[Required work]: Each line from the one that holds "Karl Lagerfeld Silicone" to the end of the entries is to be given again exactly. Do not include pictures.

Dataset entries

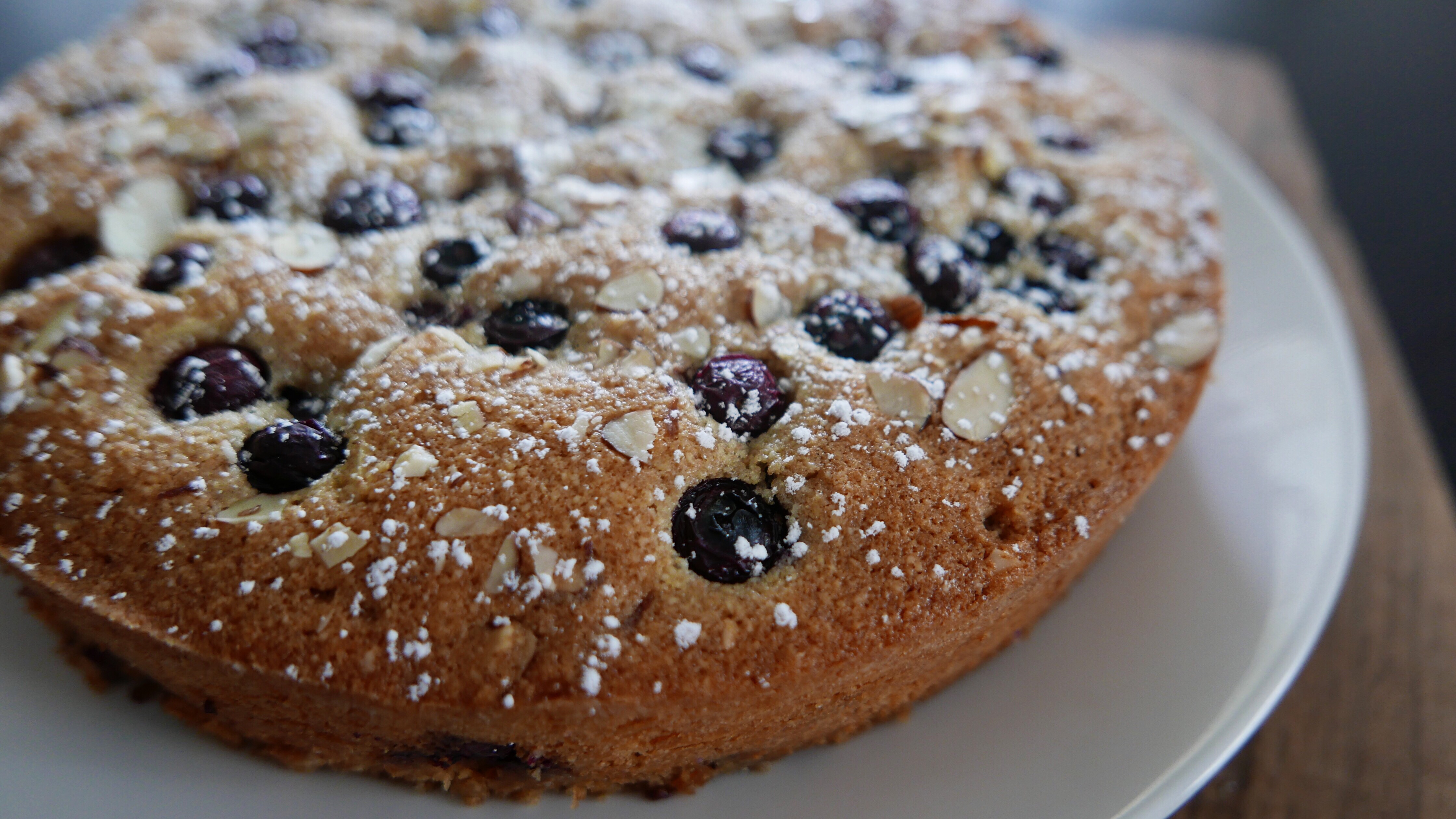 Reserve a small handful (8 to 10 blueberries) for later. Using a large spatula, gently fold the remaining blueberries into the cake batter. Transfer the batter into the greased cake pan, and smooth the top with a small offset spatula. Distribute the remaining blueberries on top, gently pressing them into the batter. Top with the remaining sliced almonds.
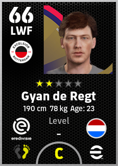. Gyan De Regt is a Left Wing Forward footballer from Netherlands who plays for Excelsior Rotterdam in eFootball 2026.
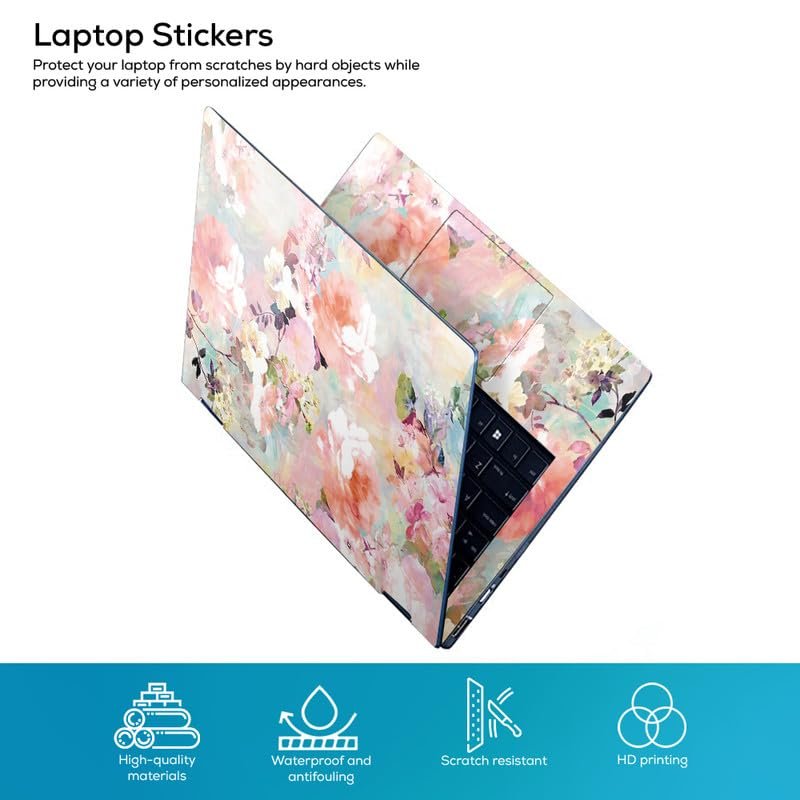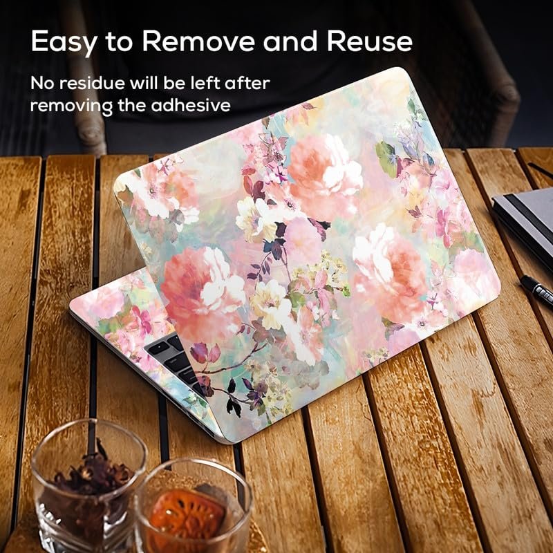 Floral D7 Full Body Vinyl Laptop Skin/Sticker/Cover Upto 15.6 Inches Laptops Laminated-Removable-HD Quality Compatible for Hp-Dell-Sony-Lenovo-Asus etc.(15×10 Inches)
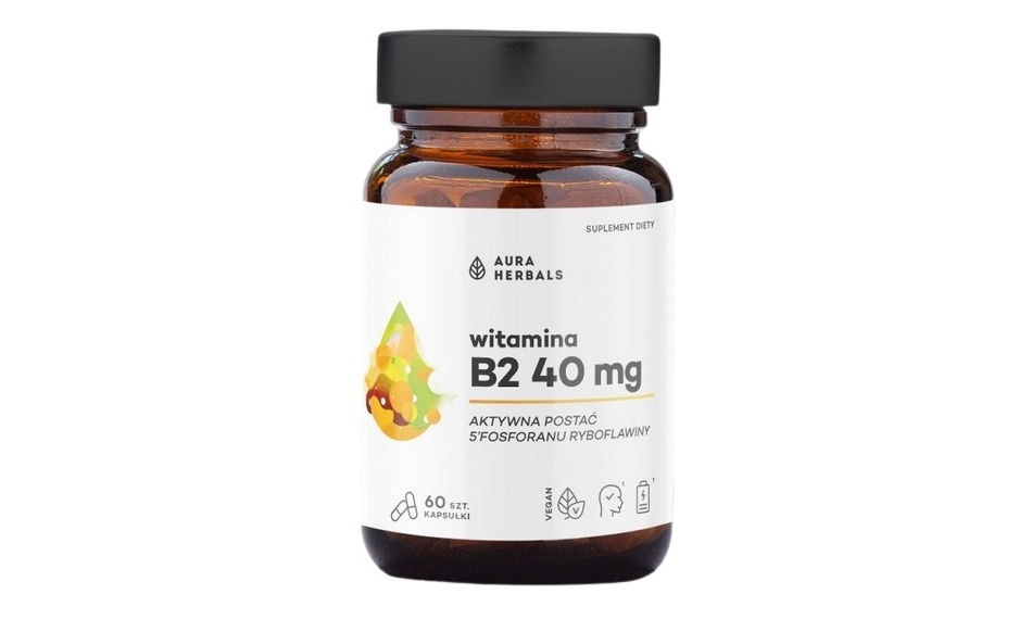 - 40 mg ryboflawiny (witamina B2) w każdej kapsułce
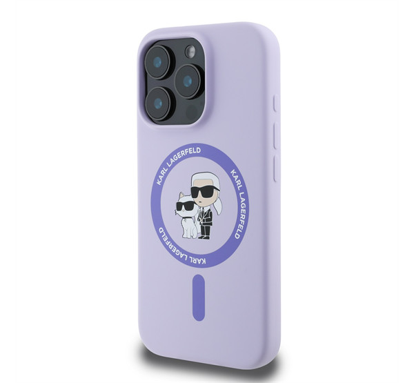 Karl Lagerfeld Silicone KC Heads Ring Apple iPhone 16 Pro hátlap tok, lila KLHMP16LSCMKCRHU
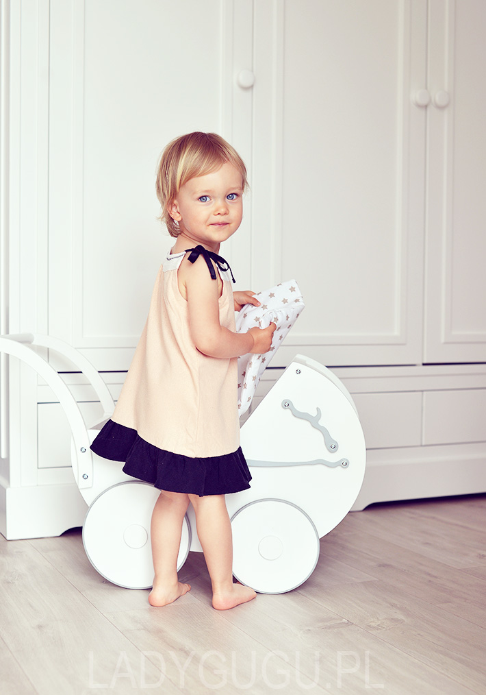 Piękny wózeczek, ale już widze moją córkę z drewnianym wózkiem biegającą po domu. Dziury w ścianach i drzwiach gwanatowane

[Written answer]:
 Karl Lagerfeld Silicone KC Heads Ring Apple iPhone 16 Pro hátlap tok, lila KLHMP16LSCMKCRHU
 Piękny wózeczek, ale już widze moją córkę z drewnianym wózkiem biegającą po domu. Dziury w ścianach i drzwiach gwanatowane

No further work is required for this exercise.